Air Canada’s fate is tied to the recovery of international travel, a key part of its growth strategy in recent years as it added overseas routes, banking on flying foreign customers through Canada on their way to other destinations. Yet the uptick in global passenger demand in June was driven almost entirely by domestic flights, according to data from the International Air Transport Association.
Strict isolation rules like Canada’s remain a concern for airlines worldwide. Only 17% of people surveyed in 11 countries by IATA last month saw quarantines as a measure they’d be willing to take to travel during or after the pandemic, against 39% who were ready to take a test at their departing airport.
In a letter to government officials this month, Air Canada suggested Ottawa follow the U.K. and the European Union in exempting some countries from quarantine. For higher-risk countries, Canada could mirror places like Iceland, where testing on arrival is an alternative to quarantine, it said.
Yet such decisions are politically sensitive and could potentially cause Canada to embarrass the U.S., by far its largest trading partner. The border between the two countries has been closed to non-essential travel since March 21, and will stay that way until at least Aug. 21. The U.S. has recorded about 13,400 Covid-19 cases per million people, more than four times Canada’s infection rate. Polls show Canadians support the border restrictions with the U.S., making it harder for the government to open up to travelers from other places.
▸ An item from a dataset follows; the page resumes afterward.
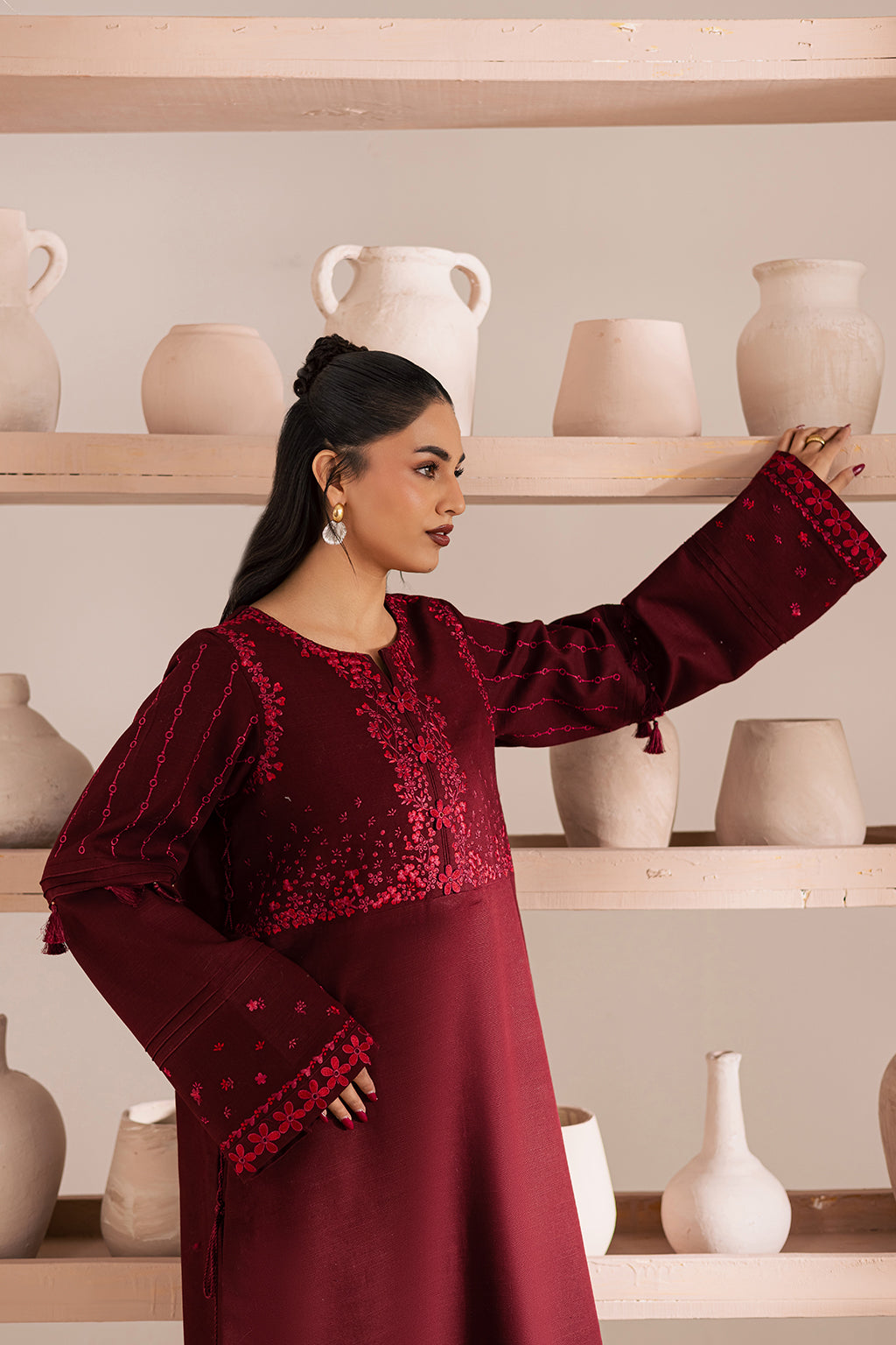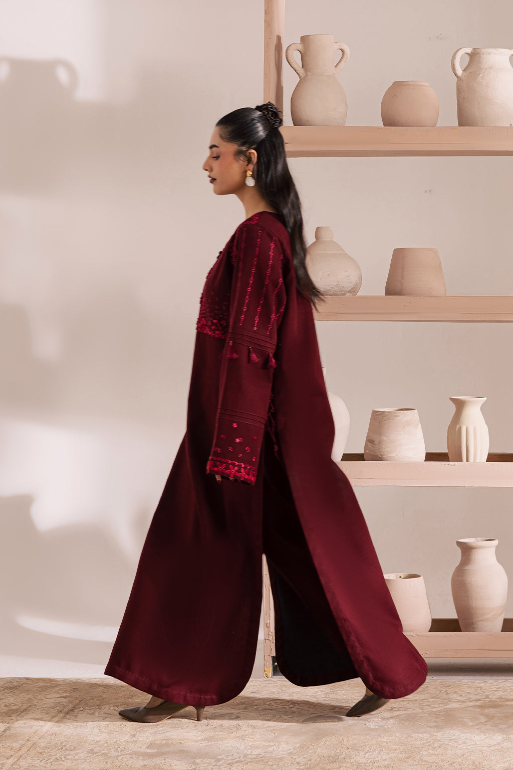 An ethereal Khaddar long shirt, beautifully embroidered with tasselling side details, paired with khaddar pants.

“I understand how difficult it is to see these travel restrictions in place but Canadians understand that keeping our cities, our municipalities, our elders, our front-line workers safe by preventing international travel is a continued thing we need to do,” Trudeau told reporters when asked about the letter.
While airlines are now focused on getting Canada to crank the door open, they may pivot back to their initial request of seeking financial support, according to an industry group.
“If we’re not going to move forward and we’re to keep the industry ostensibly operating at stage zero, then we do believe it will be reasonable to have conversations with the government about moving away from this non-sectoral approach they’ve taken,” said Mike McNaney, CEO of the National Airlines Council of Canada, which represents the largest carriers, including Air Canada and WestJet Airlines Ltd.
As of July 24, government financing for the airline industry totaled almost $122 billion globally, from Australia to Germany to the U.S. according to Ishka, a consultancy. Support has ranged from grants and loans to equity stakes in exchange for cash.
Ottawa has created a wage subsidy and a loan program that large companies can use. But the latter comes at a high cost -- an interest rate on unsecured debt that rises from 5% to 8% after the first year, plus warrants.
“We know that airlines are facing significant challenges, and we will continue to engage with them and closely monitor the situation in the hard-hit aviation sector,” Transport Minister Marc Garneau said in a written statement.
Air Canada entered the crisis with a balance sheet “probably in the best shape it’s ever been,” said Chris Murray, an analyst at ATB Capital Markets. The company, which has raised C$5.5 billion in new equity and debt since the pandemic began, probably doesn’t need government funding at this time, he said. The bigger question is “at what point you get a recovery.”
That depends on when and where the airline can fly. McGill’s Gradek doesn’t think Air Canada will be able to sway the government, which has “significant leg to stand on when it comes to public health.”
“I think Rovinescu is fighting a battle that he’s not going to win,” he said. “You don’t mess around biting the hand that feeds you.”